### Work item
Although pictures appear in the entries below, leave them out and print exactly the lines from the first line through the line containing "我们村一个外嫁的小姑(年龄比".
Records supplied START
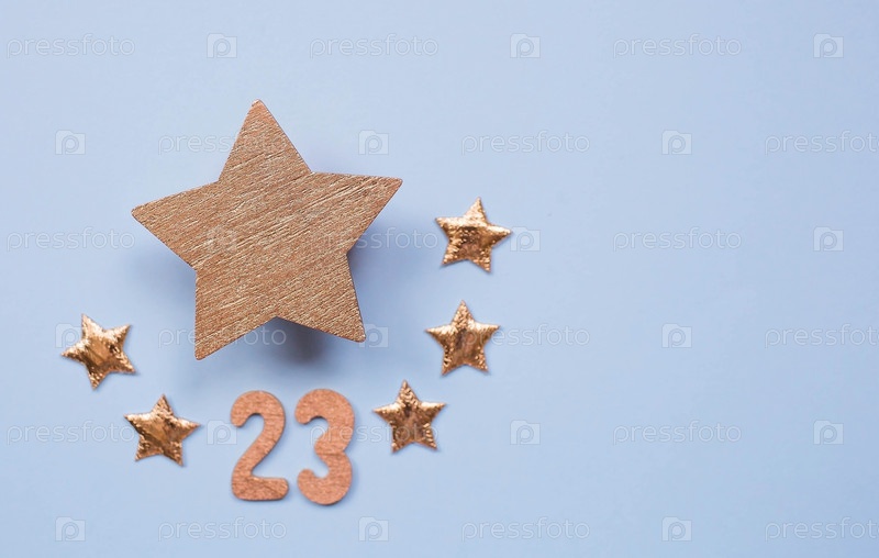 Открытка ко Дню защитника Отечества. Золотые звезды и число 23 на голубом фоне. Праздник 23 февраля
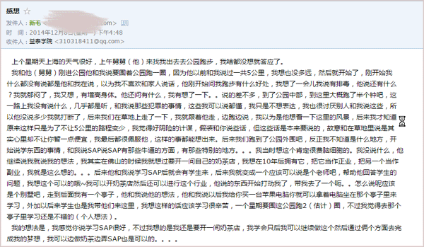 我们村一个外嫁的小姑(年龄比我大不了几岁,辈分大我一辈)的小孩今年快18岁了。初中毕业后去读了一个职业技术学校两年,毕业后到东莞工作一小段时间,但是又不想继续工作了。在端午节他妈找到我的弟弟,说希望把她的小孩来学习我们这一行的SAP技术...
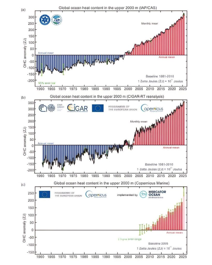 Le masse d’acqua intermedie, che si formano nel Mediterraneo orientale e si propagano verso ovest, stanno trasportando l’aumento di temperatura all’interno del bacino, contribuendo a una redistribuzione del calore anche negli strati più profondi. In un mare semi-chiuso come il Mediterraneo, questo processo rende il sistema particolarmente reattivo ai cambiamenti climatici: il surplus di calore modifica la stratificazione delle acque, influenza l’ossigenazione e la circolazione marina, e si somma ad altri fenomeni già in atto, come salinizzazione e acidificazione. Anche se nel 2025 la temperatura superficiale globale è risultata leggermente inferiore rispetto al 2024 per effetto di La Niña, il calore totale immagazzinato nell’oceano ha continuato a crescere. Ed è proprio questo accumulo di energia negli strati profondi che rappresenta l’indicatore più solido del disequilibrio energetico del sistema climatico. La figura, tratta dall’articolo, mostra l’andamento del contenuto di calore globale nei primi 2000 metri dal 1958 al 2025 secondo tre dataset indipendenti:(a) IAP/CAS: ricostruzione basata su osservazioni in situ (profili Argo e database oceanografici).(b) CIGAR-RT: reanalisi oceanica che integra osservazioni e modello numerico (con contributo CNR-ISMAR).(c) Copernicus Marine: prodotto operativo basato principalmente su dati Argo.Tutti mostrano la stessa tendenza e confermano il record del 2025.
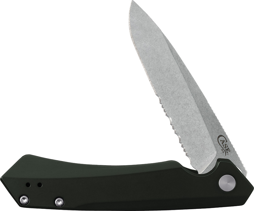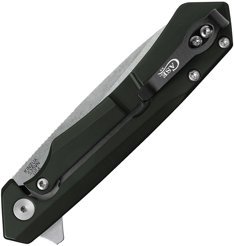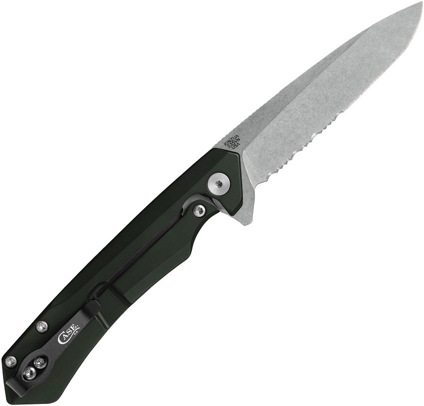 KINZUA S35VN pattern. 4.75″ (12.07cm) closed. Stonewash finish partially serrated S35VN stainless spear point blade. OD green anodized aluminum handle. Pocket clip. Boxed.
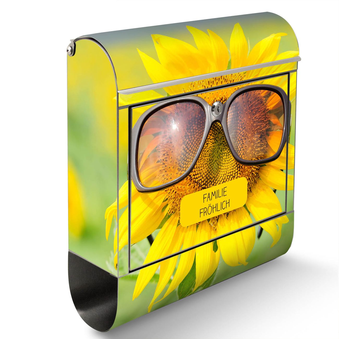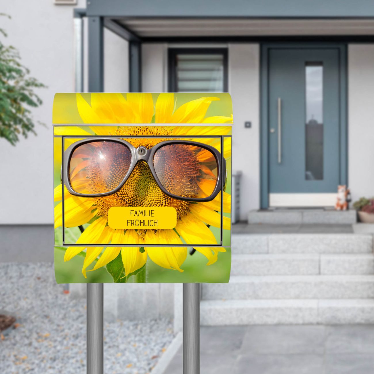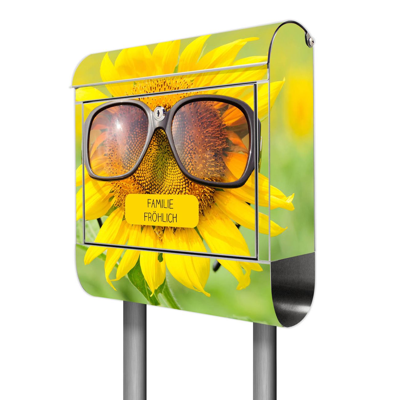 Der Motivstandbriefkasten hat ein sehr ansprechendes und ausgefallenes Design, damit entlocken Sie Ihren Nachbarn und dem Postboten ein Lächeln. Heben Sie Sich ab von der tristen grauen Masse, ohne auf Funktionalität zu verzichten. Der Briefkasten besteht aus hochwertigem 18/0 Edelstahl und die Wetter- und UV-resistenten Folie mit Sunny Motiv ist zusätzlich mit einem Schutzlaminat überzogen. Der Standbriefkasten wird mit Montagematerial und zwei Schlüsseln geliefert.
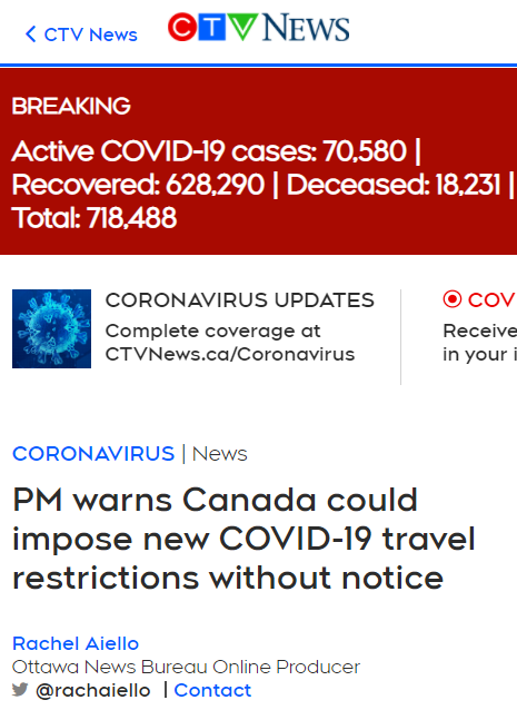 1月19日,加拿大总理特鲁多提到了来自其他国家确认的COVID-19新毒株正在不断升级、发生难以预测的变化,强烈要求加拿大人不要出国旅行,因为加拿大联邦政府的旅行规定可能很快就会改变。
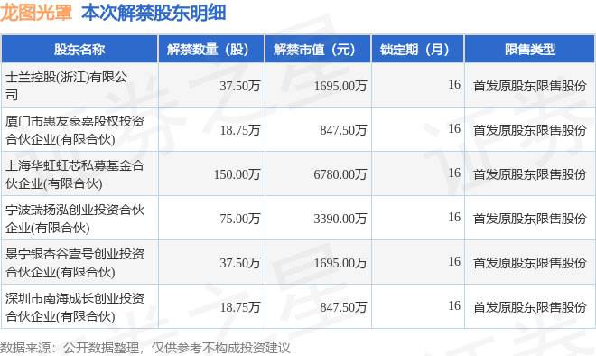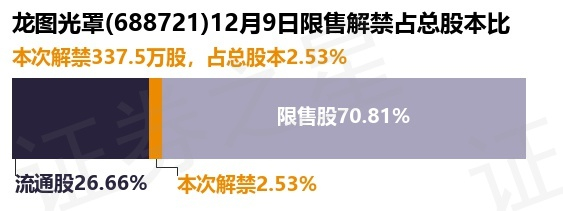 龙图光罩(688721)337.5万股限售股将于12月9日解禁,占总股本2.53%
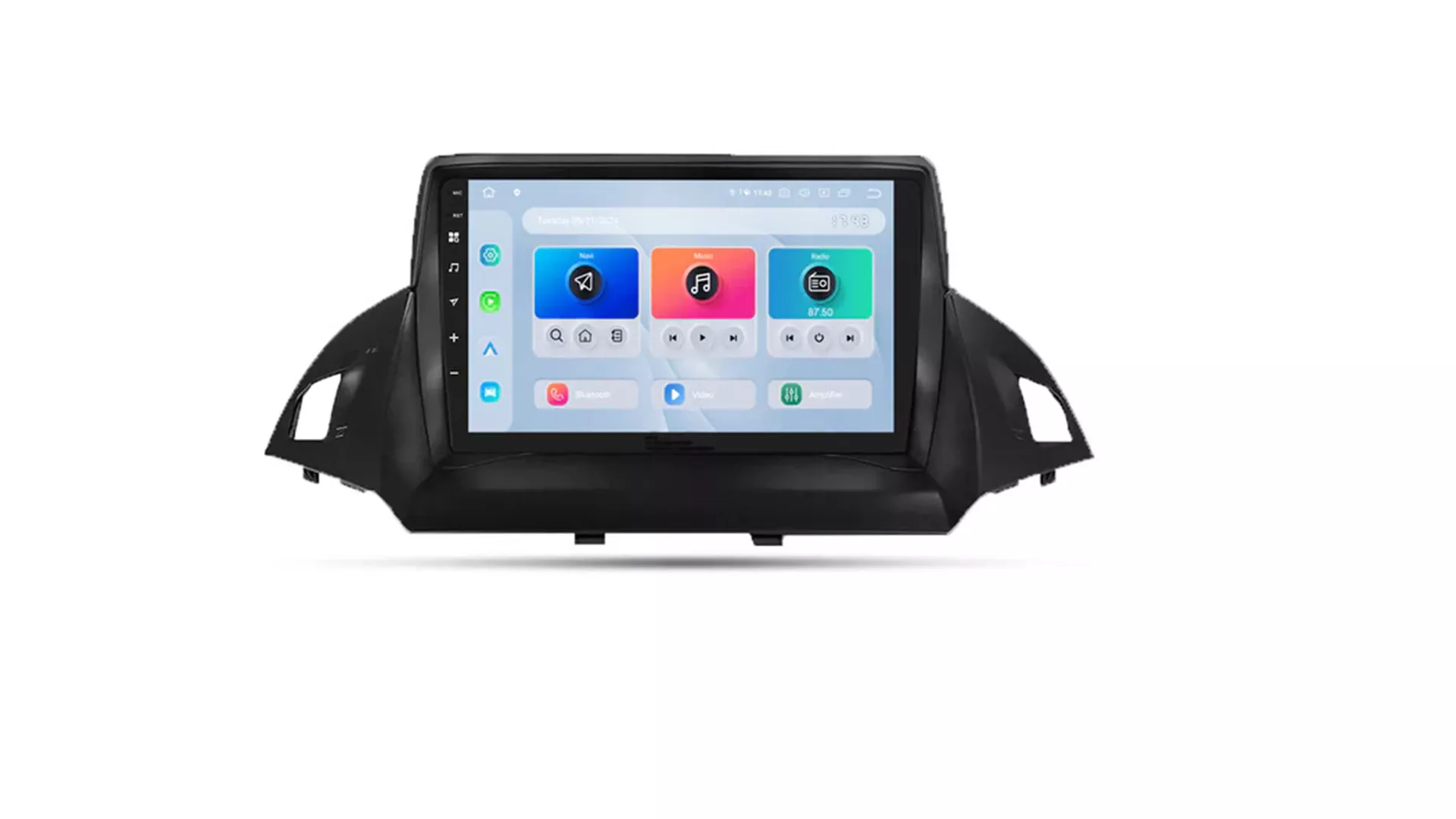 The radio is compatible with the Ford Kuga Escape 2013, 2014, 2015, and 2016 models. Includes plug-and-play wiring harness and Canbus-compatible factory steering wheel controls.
Records supplied END
### Output below
 Открытка ко Дню защитника Отечества. Золотые звезды и число 23 на голубом фоне. Праздник 23 февраля
 我们村一个外嫁的小姑(年龄比我大不了几岁,辈分大我一辈)的小孩今年快18岁了。初中毕业后去读了一个职业技术学校两年,毕业后到东莞工作一小段时间,但是又不想继续工作了。在端午节他妈找到我的弟弟,说希望把她的小孩来学习我们这一行的SAP技术...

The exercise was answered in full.